Watch

It has been interesting to watch people’s reactions to the Watch these past couple of weeks. Most people seem to have adopted a wait & see stance until the thing comes out, as best seen in this Ben Evans article. This is perfectly logical. The strongest critic has perhaps been Ben Thompson. He seems to think at times that the Watch should be more like the iPod — a focused tightly integrated CE device that leverages the iPhone as the the iPod did iTunes. At other times, he suggests that the Watch can/will be a standalone product that must become a software platform in its own right.

ipod

I would caution against comparing any iOS devices to the iPod. The iPod is a special apple device in one key respect — it was the only device that apple made that was not a platform. It was a self-contained single purpose device that had minimal software. For this reason, it could afford to be a lot more focused and reliant on iTunes for the more complex tasks (eg. creating playlists).

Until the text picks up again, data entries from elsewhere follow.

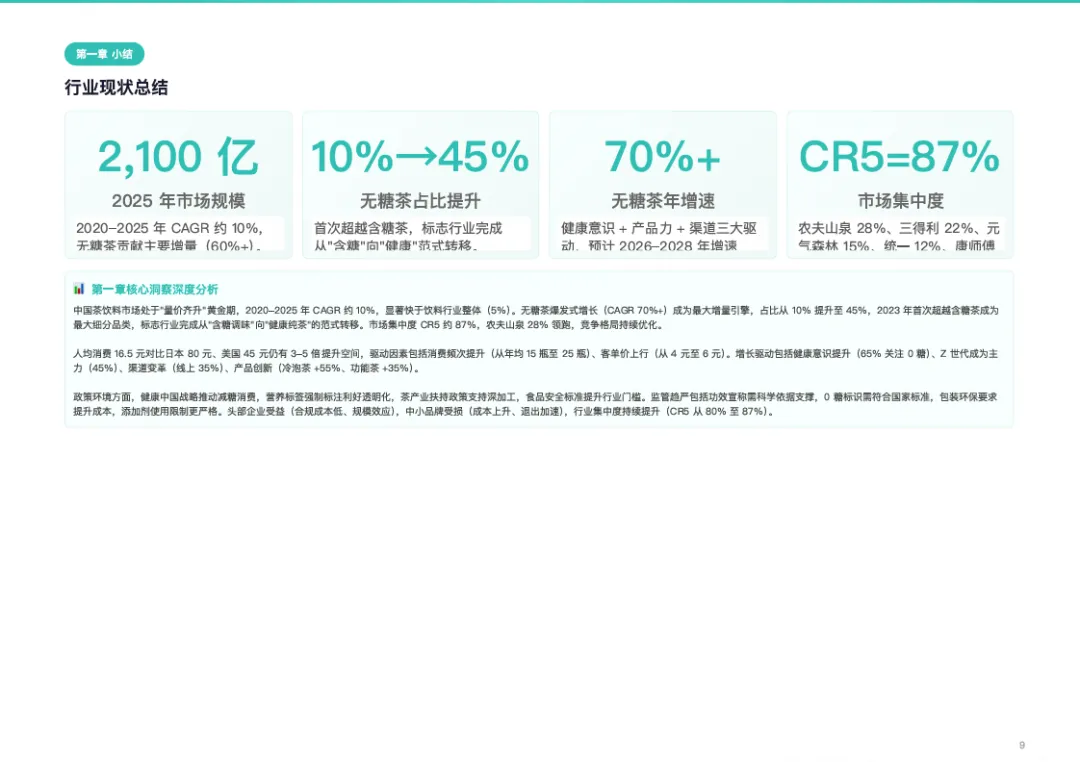 报告从行业现状、消费市场、竞争格局三个维度,系统解析了中国茶饮料行业的演进逻辑。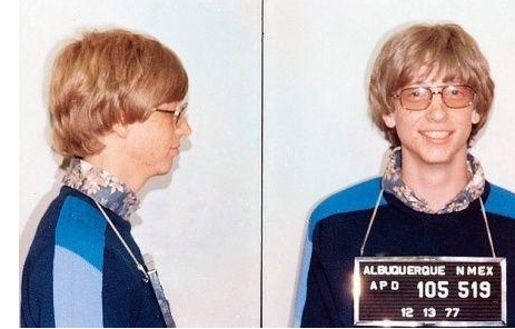 ·22岁的比尔·盖茨因无证驾驶、违反交规被捕后,脸上还洋溢着自信的笑容。
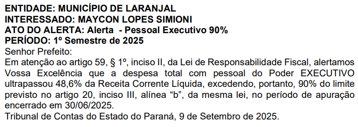 O Tribunal de Contas do Estado do Paraná – TCE-PR, emitiu mais um alerta ao Prefeito de Laranjal, município da região central do estado, quanto aos gastos com o pessoal do Poder Executivo, que segundo o documento publicado em Diário Eletrônico e que a nossa reportagem teve acesso, a despesa total com pessoal do Poder Executivo, ultrapassou 48,6% da Receita Corrente Líquida, excedendo, portanto, 90% do limite previsto, no período de apuração encerrado em 30/06/2025.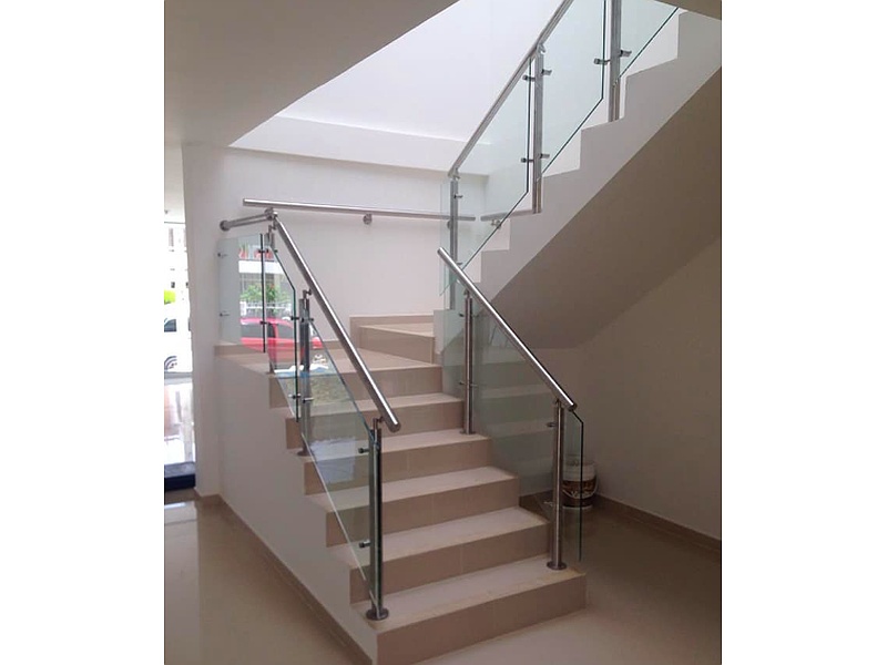 Pasamanos para escaleras con vidrio templado, barandilla y accesorios en acero inoxidable.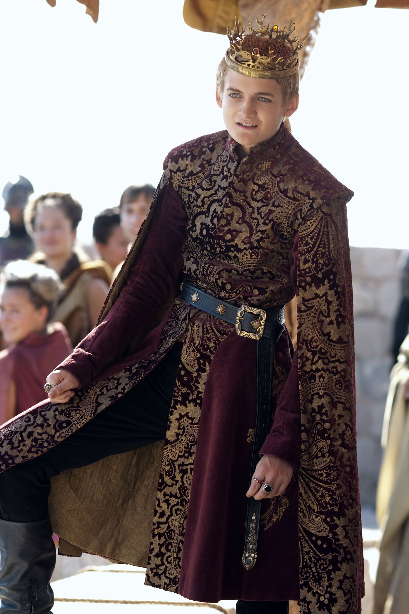 If Joffrey has one redeeming quality, it’s his royal drip. He may have been an objectively horrible king, but no one can accuse him of failing to serve. Joffrey’s crown features the Baratheon antler motif, but his clothes tend to be Lannister red and gold, a reminder to the audience that he’s a Lannister in all but name. The cape-like sleeves also give him a very peacock-like, showy appearance. He looks like he’s playing dress up as a king because, well, he is. He has a lot of power, but he takes very little part in the actual work of ruling.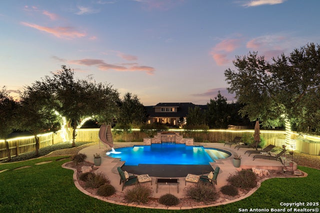 Multiple Offers Received! Welcome to this beautiful home located in the gated section of Kinder Ranch The Estates at Prospect Creek on a spacious .32-acre corner lot. Featuring an oversized three-car garage and an in-ground pool built by Cody Pools, this property is designed for both comfort and entertaining. Inside, the Open floor plan showcases wood flooring throughout the main living areas, Soaring ceilings, and abundant natural light from the large windows. The chef's gourmet kitchen is a true showstopper with upgraded white cabinetry with custom details, granite countertops, a massive breakfast island, gas cooking with a custom hood vent, double ovens and designer lighting. The home offers four spacious bedrooms and 3.5 bathrooms, providing plenty of room for family and guests. The backyard oasis includes a sparkling pool, a covered patio, and plenty of space to host gatherings or simply relax in privacy. Located in the highly rated Comal ISD, Kinder Ranch Elementary is right in the neighborhood, with Pieper Ranch Middle School and Pieper High School just minutes away. Residents also enjoy access to a beautiful amenities center, while nearby shopping, dining, and a quick 30-minute drive to downtown San Antonio make this the perfect blend of Hill Country living and city convenience.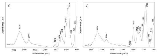 Poplar pulp and dried CNF samples have also been analyzed by FTIR (Figure 3). The spectra show the typical bands that conform to the cellulose structure. The wide band centered around 3329 cm−1 is related to the hydroxyl groups, whereas the small band at 2895 cm−1 is due to asymmetric and symmetric C-H stretching vibrations [56]. The band detected at 1645 cm−1 in poplar pulp is attributed to the O-H stretching vibration of absorbed water. The three bands at 1163, 1101, and 1026 cm−1 observed in both CNF and pulp samples spectra can also be assigned to cellulose. Firstly, the band at 1163 cm−1 is related to pyranosyl rings among C-O asymmetric bands, the band at 1101 cm−1 is attributed to the C-OH skeletal vibration, while the band at 1026 cm−1 is related to C-O stretching vibration [57]. Moreover, the glycosidic bond vibration was observed at 893 cm−1 in both spectra, and the bands at 1361–1370 and 710 cm−1 also observed in both spectra indicate the presence of Iβ cellulose allomorph [58], in agreement with X-ray diffraction analysis.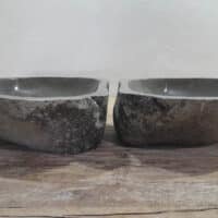 - Twee handgemaakte kommen uit één riviersteen

By definition, products that are platforms will seem ill defined in the beginning. This is because they have to be flexible enough to accomodate much more than a few tightly integrated functions. The watch is obviously an extension of the iOS platform, and as such can not afford to be as focused as an iPod. A better comparison is the iPhone itself… except apple has learned from the iPhone. We don’t need to wait to wait 2 years to get an appstore or an SDK or integration with other devices. So why not have these features at 1.0?